Authors Maier A, Cox M, Dougherty K, Moore B, Leopold D

Received 18 December 2013

Accepted for publication 25 February 2014

Published 23 September 2014 Volume 2014:6(Thematic series: Organization and function of the visual system in primates) Pages 113—120

DOI https://doi.org/10.2147/EB.S51822

Checked for plagiarism Yes

Review by Single-blind

Peer reviewer comments 3


Alexander Maier,1 Michele A Cox,1 Kacie Dougherty,1 Brandon Moore,1 David A Leopold2

1Department of Psychology, College of Arts and Science, Vanderbilt University, Nashville, TN, USA; 2Section on Cognitive Neurophysiology and Imaging, National Institute of Mental Health, National Institute of Health, Bethesda, MD, USA


Abstract: The mammalian neocortex features distinct anatomical variation in its tangential and radial extents. This review consolidates previously published findings from our group in order to compare and contrast the spatial profile of neural activity coherence across these distinct cortical dimensions. We focus on studies of ongoing local field potential (LFP) data obtained simultaneously from multiple sites in the primary visual cortex in two types of experiments in which electrode contacts were spaced either along the cortical surface or at different laminar positions. These studies demonstrate that across both dimensions the coherence of ongoing LFP fluctuations diminishes as a function of interelectrode distance, although the nature and spatial scale of this falloff is very different. Along the cortical surface, the overall LFP coherence declines gradually and continuously away from a given position. In contrast, across the cortical layers, LFP coherence is discontinuous and compartmentalized as a function of depth. Specifically, regions of high LFP coherence fall into discrete superficial and deep laminar zones, with an abrupt discontinuity between the granular and infragranular layers. This spatial pattern of ongoing LFP coherence is similar when animals are at rest and when they are engaged in a behavioral task. These results point to the existence of partially segregated laminar zones of cortical processing that extend tangentially within the laminar compartments and are thus oriented orthogonal to the cortical columns. We interpret these electrophysiological observations in light of the known anatomical organization of the cortical microcircuit.

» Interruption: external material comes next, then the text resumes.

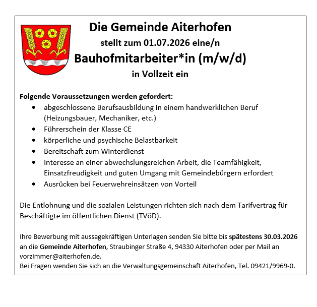 Aktuelles aus Aiterhofen Gemeinde Aiterhofen sucht Bauhofmitarbeiter weiterlesen Psychose-Seminar am 05.03.26 zum Thema „Psychose und Cannabis“ der PSAG des Gesundheitsamtes Straubing-Bogen weiterlesen ILE Gäuboden bietet erneut Regionalbudget an Zwischenaufruf anlässlich des Regionalbudgets 2026 für Kleinprojekte in den Gemeinden Aiterhofen, Feldkirchen, Irlbach, Leiblfing, Oberschneiding, Salching, Straßkirchen Bis 28. Februar… weiterlesen VHS Außenstelle Aiterhofen sehr erfolgreich Zu einem erfreulichen Anlass trafen sich Bürgermeister Adalbert Hösl, der Geschäftsführer der VHS Straubing-Bogen, Robert Dollmann, Mitglied des Aufsichtsrates Alfons… weiterlesen ILE-Senioren: Polizeivortrag informiert über Betrugsmaschen Großes Interesse zeigte sich beim Informationsvortrag der Polizei zum Thema Betrugsmaschen wie Enkeltrick, Schockanrufe und weitere Formen des Telefon- und… weiterlesen Gemeinderatssitzung vom 27.01.2026 Bauvorhaben behandelt Zur ersten Sitzung im neuen Jahr traf sich der Gemeinderat der Gemeinde Aiterhofen unter Leitung von Bürgermeister Adalbert… weiterlesen Mehr Aktuelles

Keywords: visual cortex, connectivity, local field potential, coherence

Introduction

The adoption of the Latin “cortex” to describe the outer gray matter covering of the brain paints this structure as a thin bark or rind enveloping the remainder of the brain.1 The cerebral cortex, however, is not a homogeneous, two-dimensional mantle. Rather, the cortex is a multilayered sheet with rich laminar interconnections.26 Accordingly, there is a notable spatial anisotropy in the radial (laminar) arrangement of cortical cell bodies and their projections. What is the consequence of this anatomical organization for neural activity patterns measured in the cortical microcircuit? For example, might the intrinsically generated, spontaneous activity be highly coordinated within a cortical column but relatively independent between cortical columns? Addressing this type of question requires simultaneous measurements at known spatial intervals in the cortex. Recent advances in neurophysiological techniques have exploited high-density multicontact recordings of extracellular electrical activity in vivo79 to facilitate comparison of neuronal signals collected simultaneously. This approach allows one to assess the spatial characteristics of neural coordination between known positions within the three-dimensional cortical extent.

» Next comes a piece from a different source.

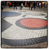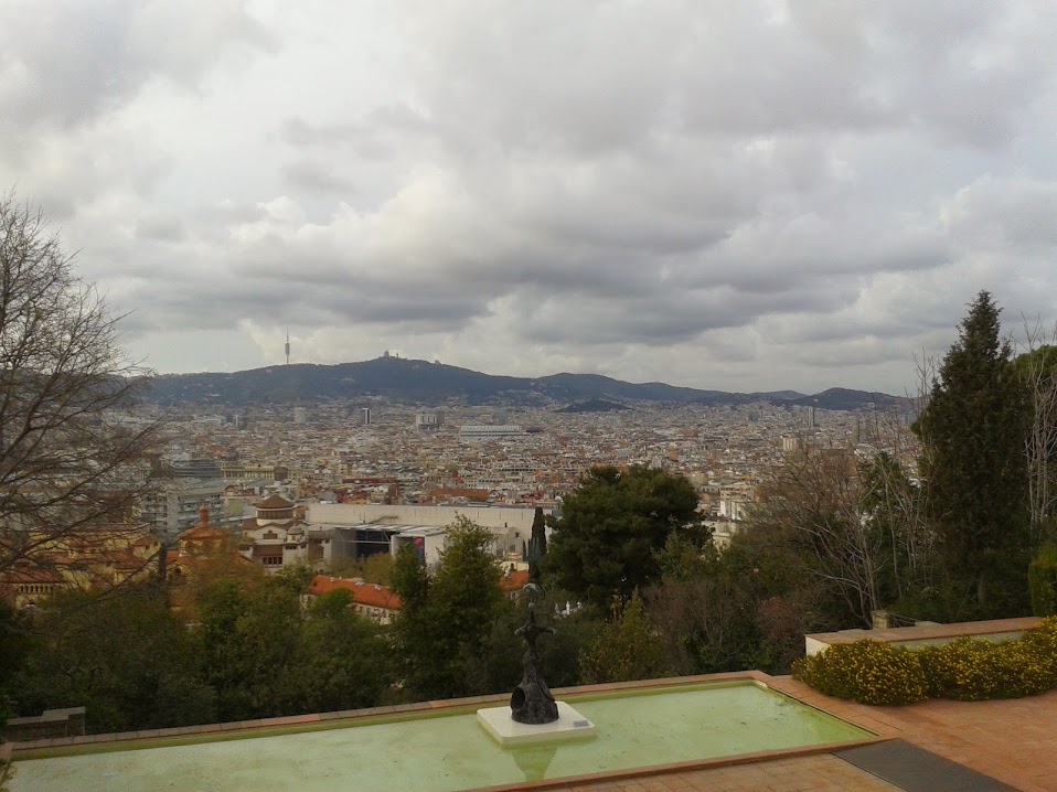 Le lendemain, comme il fait toujours beau, on joue de prudence et on file à la plage en profiter un peu. Quelques orteils dans l’eau, une petite sieste sous le soleil exactement. Je veux apprendre l’espagnol et venir vivre ici. Bon, par contre, se reposer sur la plage devient un véritable défi tant on est emmerdées toutes les deux minutes car des vendeurs de boissons ou des nanas TRES insistantes qui veulent nous faire des massages. Mais laisse moiiiiiiiiiiiiii ! On remonte ensuite vers le port pour nous rendre dans le quartier de la Ribera, pas loin du barrio gotico pour un nouveau déjeuner en terrasse avec un poisson hyper frais et une tartine d’un espèce de pâté poivron-tomate à se damner. Puis on repart sur Montjuic pour visiter la fondation Mirò. Alors autant vous le dire, je suis pas du tout un cador de l’art contemporain, j’essaie de garder une certaine neutralité, de ne pas rejeter le truc d’emblée mais globalement, Mirò, j’ai du mal à saisir… A la fin, ça finit à la blague « c’est quoi, ça, tu penses ? » « Oh bah comme d’hab, une femme, un oiseau, une étoile ». Le seul truc qui me parle, ce sont les titres un peu surréalistes qu’il donnait à certaines de ses oeuvres, à mi chemin entre écriture automatique et Kamoulox. A noter cependant la jolie vue sur Barcelone en direct de la terrasse.

In this review, we highlight key findings from our group that shed light on neuronal activity patterns within the three-dimensional volume of the cerebral cortex. We focus on primate visual cortex as a model sensory system with well described anatomy that has been the subject of a large body of neurophysiological studies. To contextualize current work, we first provide an overview of the cortex’s anatomical features as well as methods to assess spatial coordination of neural processes. We then briefly summarize neurophysiological data that demonstrate the fundamental anisotropy of neural coherence in the tangential versus radial dimensions of the cortex.

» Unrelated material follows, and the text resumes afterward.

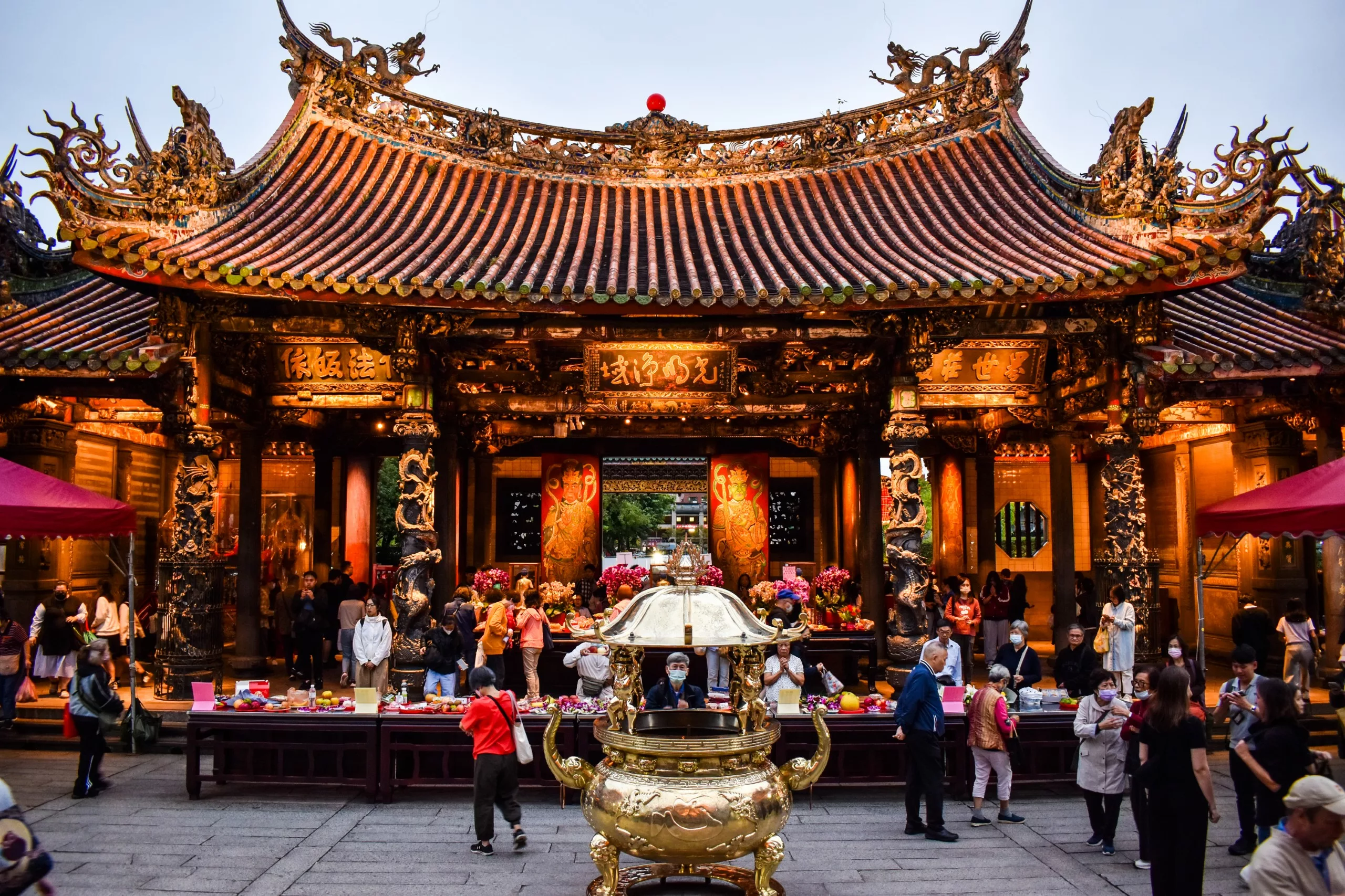 - Le temple Longshan. Cérémonies de 6 h à 6 h 45, 8 h à 8 h 45 et 15 h 45 à 17 h. Plus de monde à ce moment-là, mais c’est beau à voir ! Temple à visiter en journée et la nuit pour ses éclairages.

Distinct anatomical features in the radial and tangential dimensions

As early as the 19th century, neuroanatomists began to parcel the mammalian cortical sheet across the tangential dimension into distinct areas that differ in their cytoarchitecture.10 These areas were subsequently shown to exhibit distinct patterns of connectivity and neuronal function. Some of the neocortical areas defined in these ways are conserved among primates and to some extent among other mammalian orders in their topological position and pattern of interareal projections.1113 Within each cortical area, certain axonal projections do not enter the white matter, but instead remain in the neuropil. These “horizontal” connections, which are laterally extending branches of pyramidal cell axons,14,15 are marked by a high degree of functional specificity and often target neurons or columns with broadly similar response properties.16 The extent of tangential cortical distance covered by these horizontal connections varies considerably between areas and increases at higher stages in the cortical hierarchy.17 Whereas axons in the primary visual cortex (V1) may reach 2 mm,18 those in the inferior temporal cortical area (TE) have been shown to project up to 9 mm.19 Horizontal connections tend to be reciprocal,20 commonly remain within their cortical layer,21,22 and are largely excitatory both in origin as well as in their postsynaptic targets.23,24 Functionally speaking, horizontal connections are mostly modulatory in nature,25 and likely contribute to the high activity coherence measured over short distances in the cortex (see Measuring the reach of activity coherence in the cortex).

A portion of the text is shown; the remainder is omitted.